= Loita Forest =

Forest in Kenya

The Loita Forest, also known as the Loita Naimina Enkiyio Forest or the Forest of the Lost Child, is an upland community forest in Narok County, directly adjacent to the plains of the Masai Mara and the Great Rift Valley, Kenya.

It is one of the few forests in Kenya not yet subject to surveying, but is estimated to cover an area of about 330 km2. The forest contains a wide array of flora and fauna and has been noted as providing "great cultural and spiritual value to the local communities living adjacent, especially the Loita Maasai".

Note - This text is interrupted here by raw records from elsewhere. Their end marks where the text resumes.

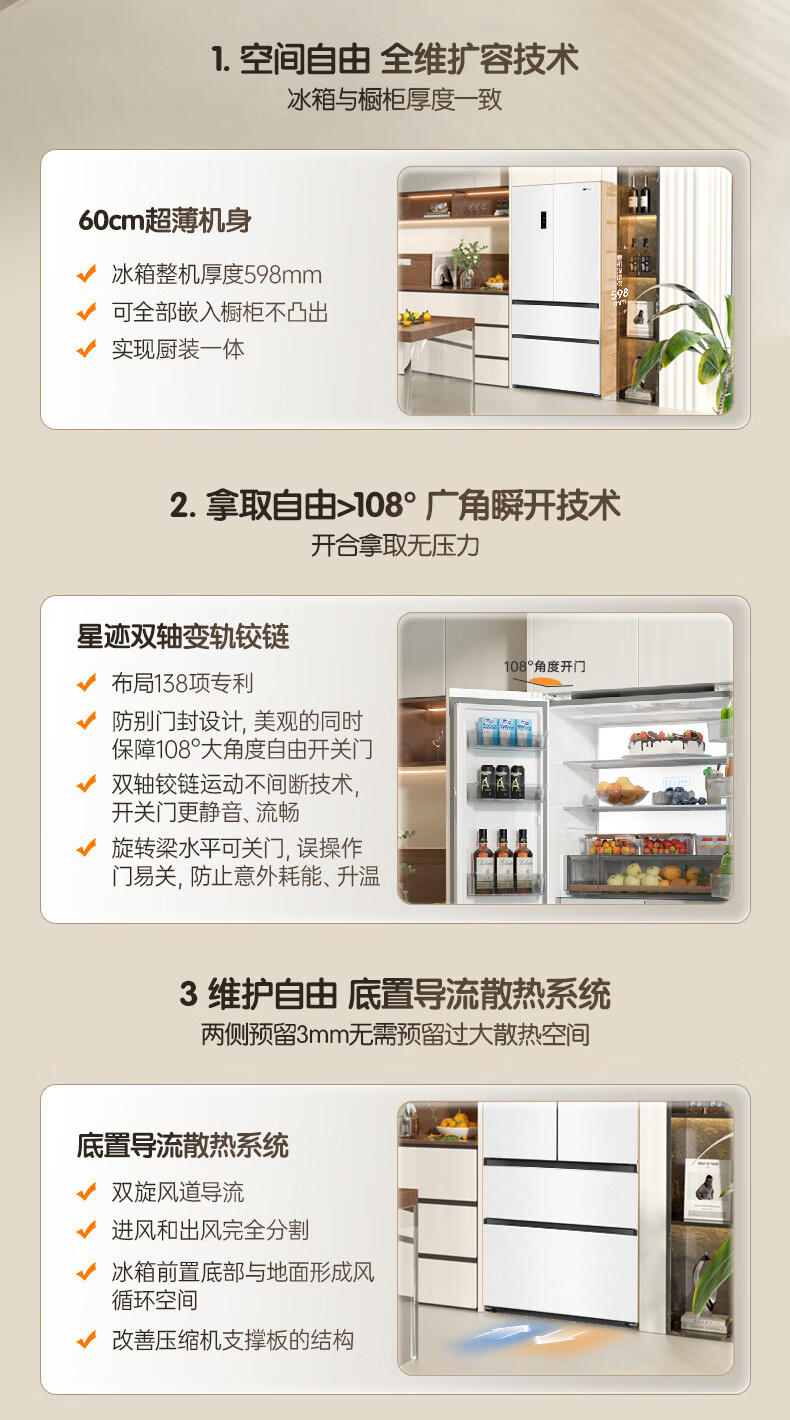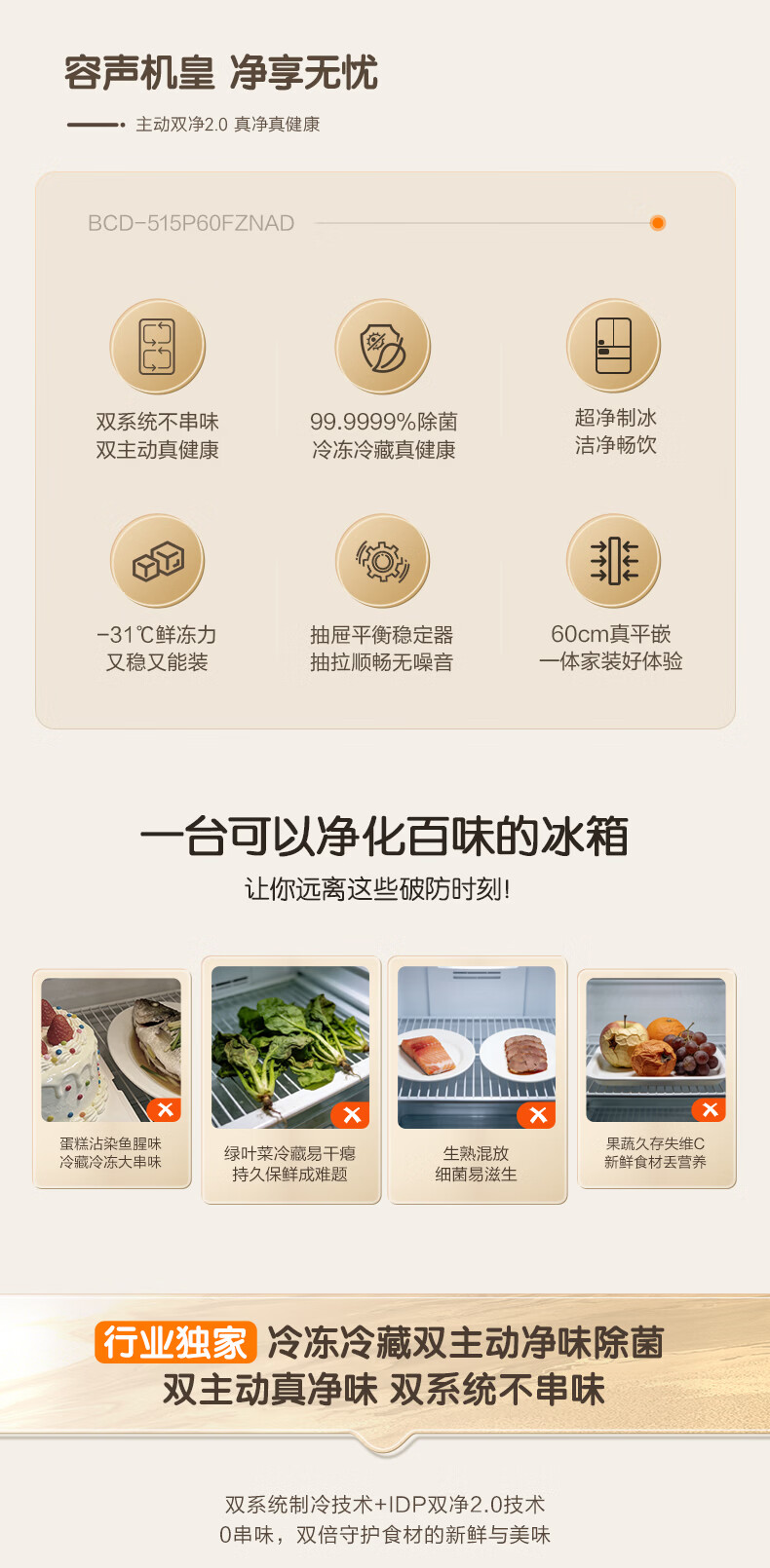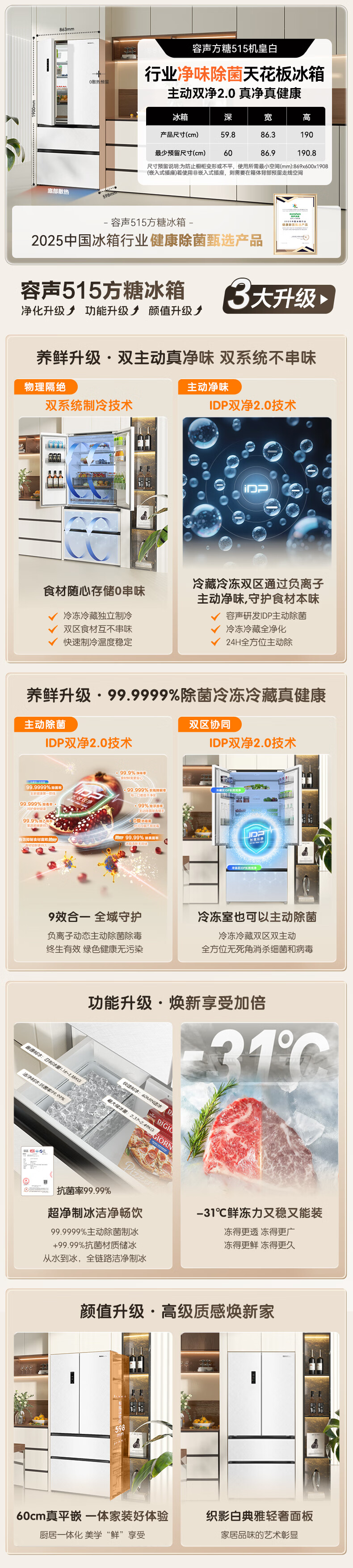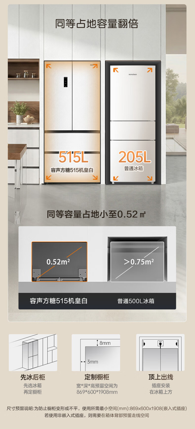 Rongsheng Cube Sugar 515 double system French multi-door four-door ultra-thin zero-embedded refrigerator home automatic ice making first-class energy efficiency national subsidy World Cup BCD-515P60FZNAD Weaver White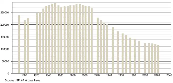 - Population municipale légale en vigueur au 1er janvier 2024, millésimée 2021, définie dans les limites territoriales en vigueur au 1er janvier 2023, date de référence statistique : 1er janvier 2021.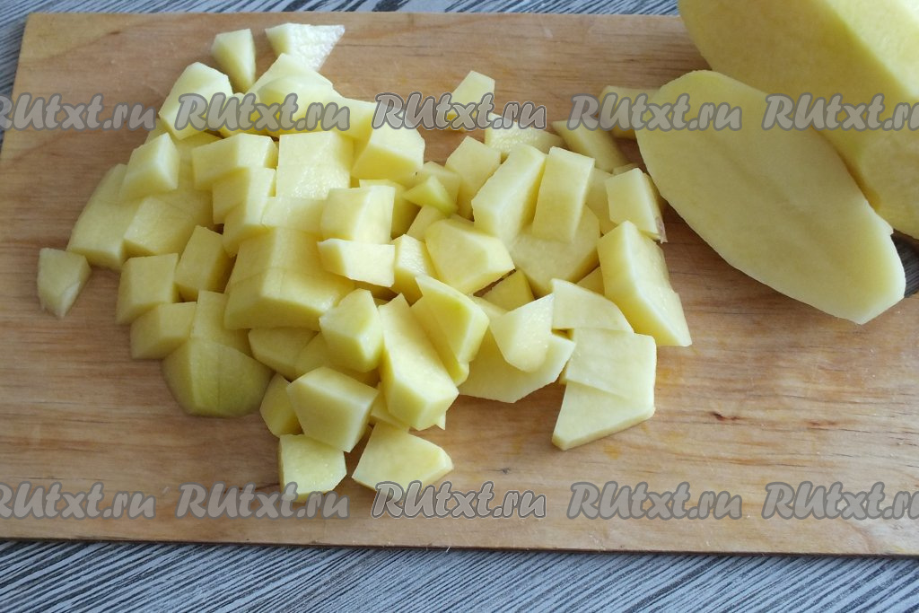 Очищенные картошины нарежьте на небольшие кубики.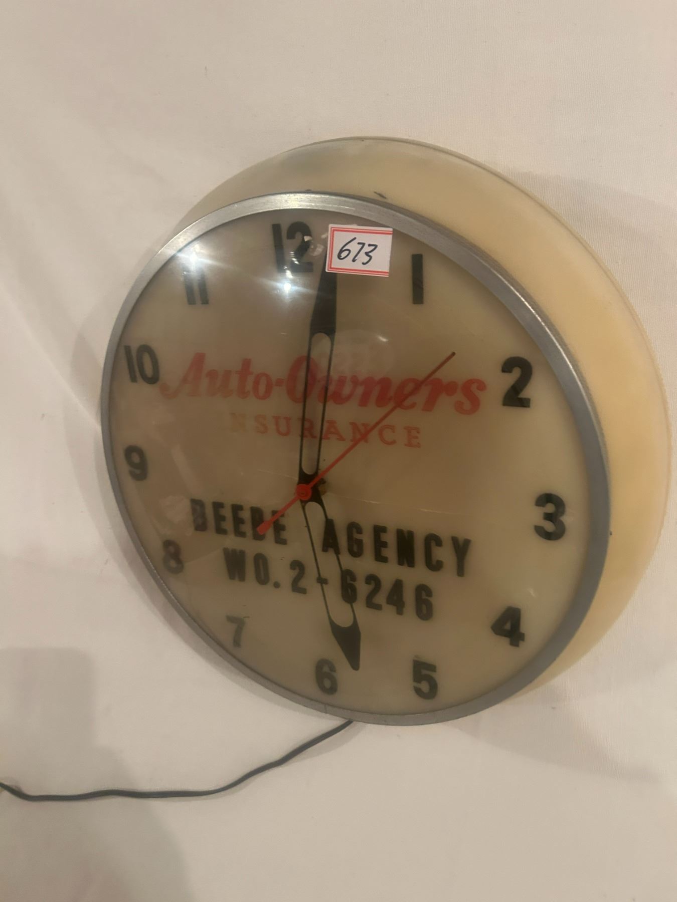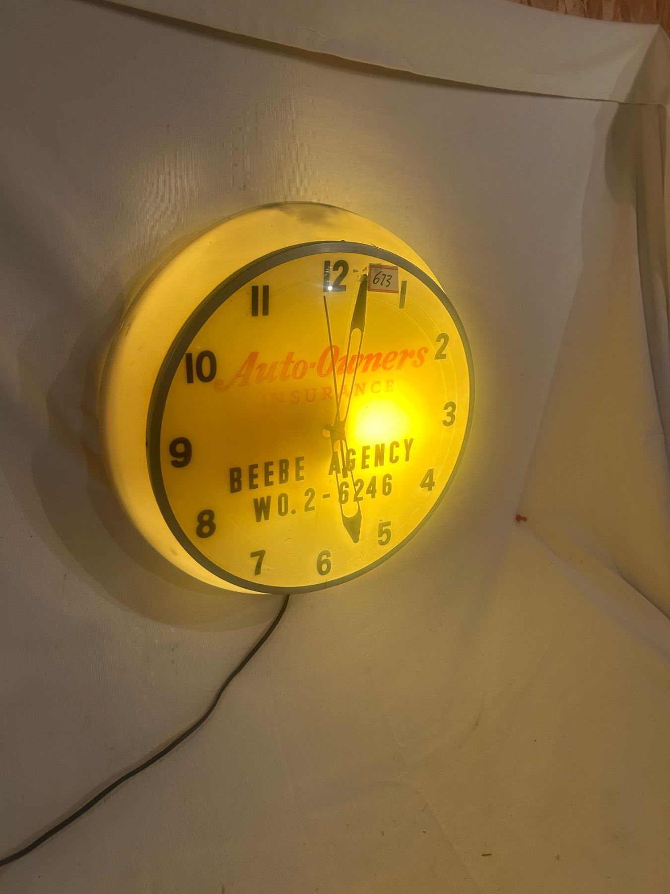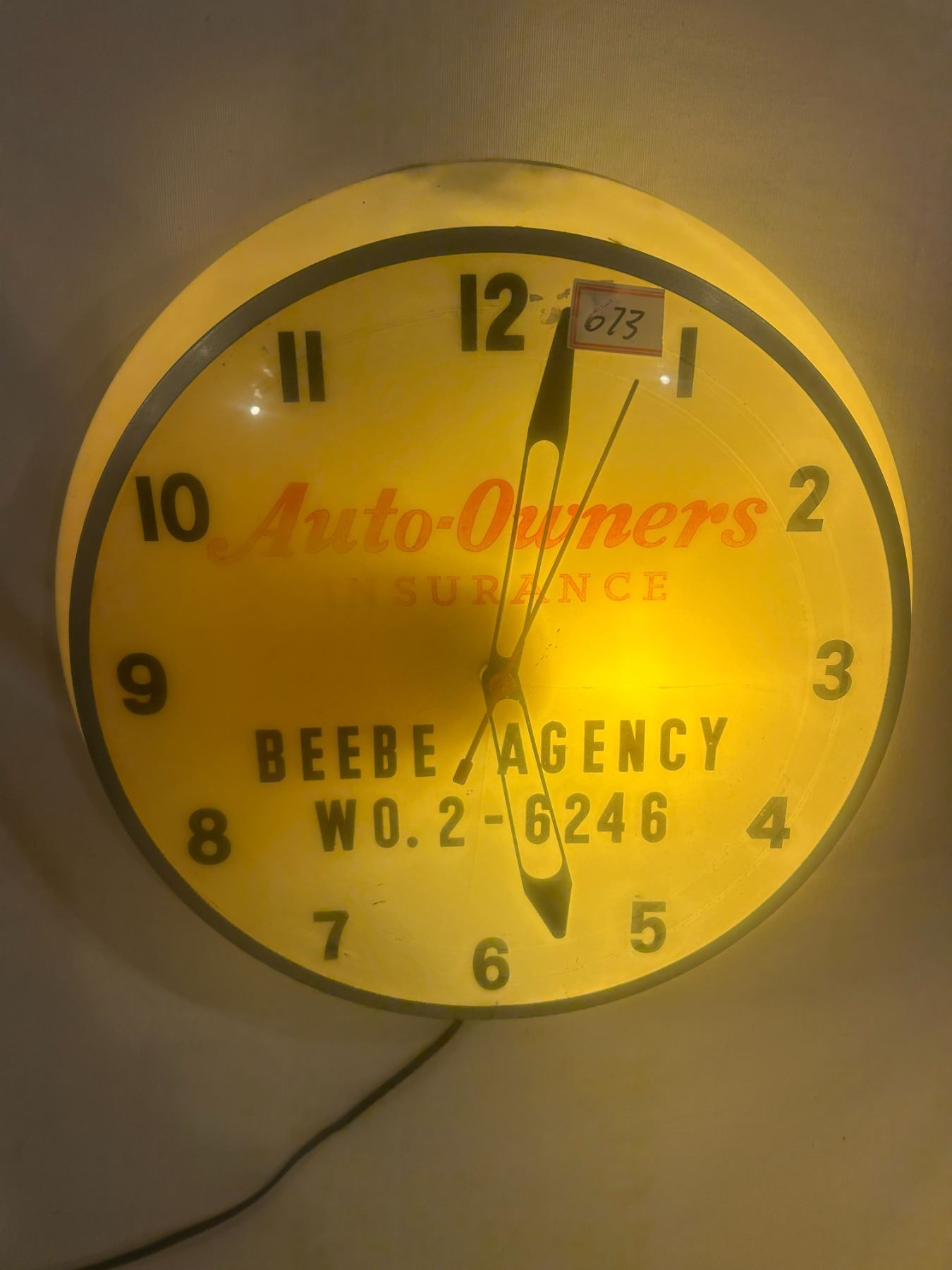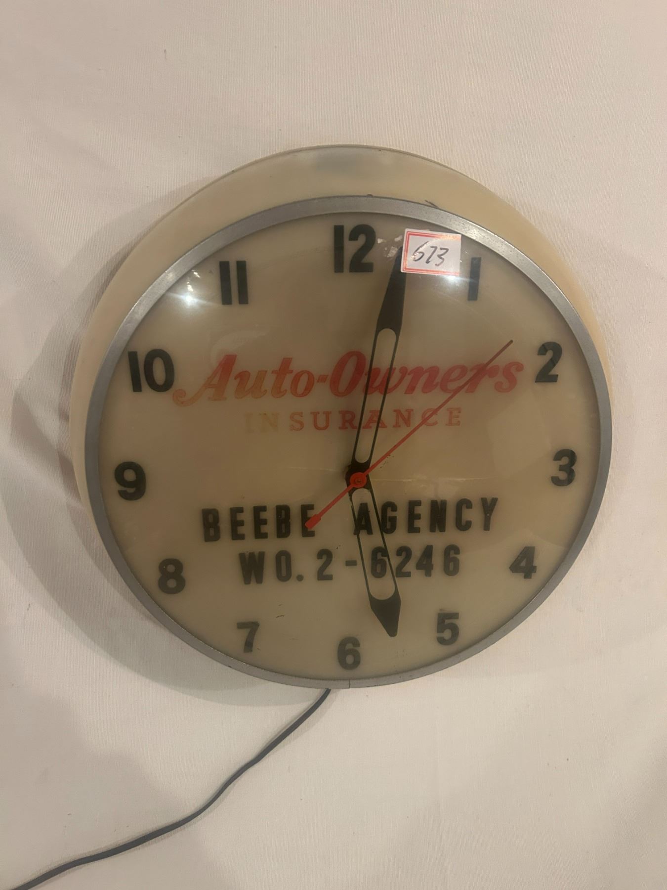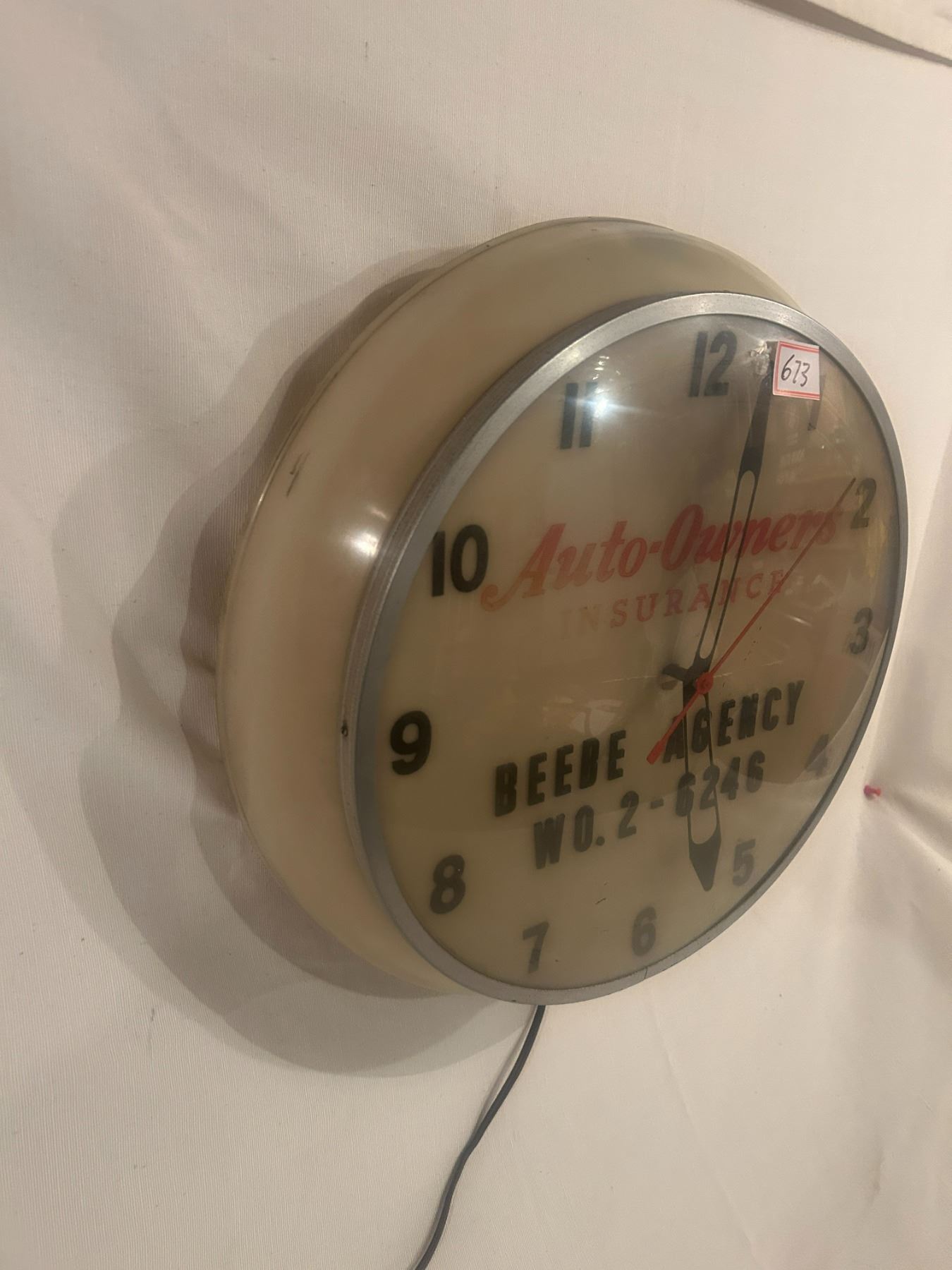 Auto Owners Insurance clock - Beebe Agency, 14" across, working

== Geography and ecosystem ==
Loita Forest is located about 50 kilometers east of the Maasai Mara National Park. It is about 2300 m above sea level. It is part of a larger forest system in Narok County known as the Mau Forest Complex, the largest closed-canopy forest system in Kenya. The area completely lacks roads, making it some of the most remote areas for Maasai clans.

The forest has been described as a "dry upland forest" and an "old-growth cloud forest", with prevalent tree species including cedar and podocarpus trees, growing as high as 40 m.

As many as 50 species of mammals can be found in the forest, including elephants, buffaloes, hippos, antelopes, lions, leopards, and primates. The most recorded mammal species in one study was the bushbuck, a medium-sized African antelope.

== Name and history ==
The name "Forest of the Lost Child" is based on a Maasai legend about a young girl. According to the legend, the girl was taking care of some animal calves when some of them got loose and wandered into the forest. The girl went into the forest to find them. The calves eventually returned home without her. Family members and Maasai warriors marched through the forest to find her, but the girl was never found.

The Loita Maasai have been using the Loita Forest for significant periods of time for grazing, firewood, building poles, water, medicinal plants and ceremonial sites.

==In popular culture==

The forest was featured on an episode of The Wild Thornberrys which was called "Naimina Enkiyio." In the episode, three Maasai children tell Eliza Thornberry about the legend with further details, such as the existence of a monster who supposedly grabbed the young girl, dragged her to its hiding place and never let her go. They also spoke of the existence of a muddy pool that pulls the victim in and drowns them, and of the existence of giant warriors in the forest who pounce on their victims, kill them and then cannibalize them. However, the episode lists the location as Tanzania, not Kenya, though the Loita Forest itself is in Kenya. However, Maasai Land is divided between the two countries, and the story of the Lost Girl ("Entito Naimina") or Lost Child ("Enkiyio Naimina") is well known throughout all sections of Maasai Land.

Loita High School, the only secondary school in Entasekera Area and the entire Loita Division is also found in the big southern part of the Loita Forest.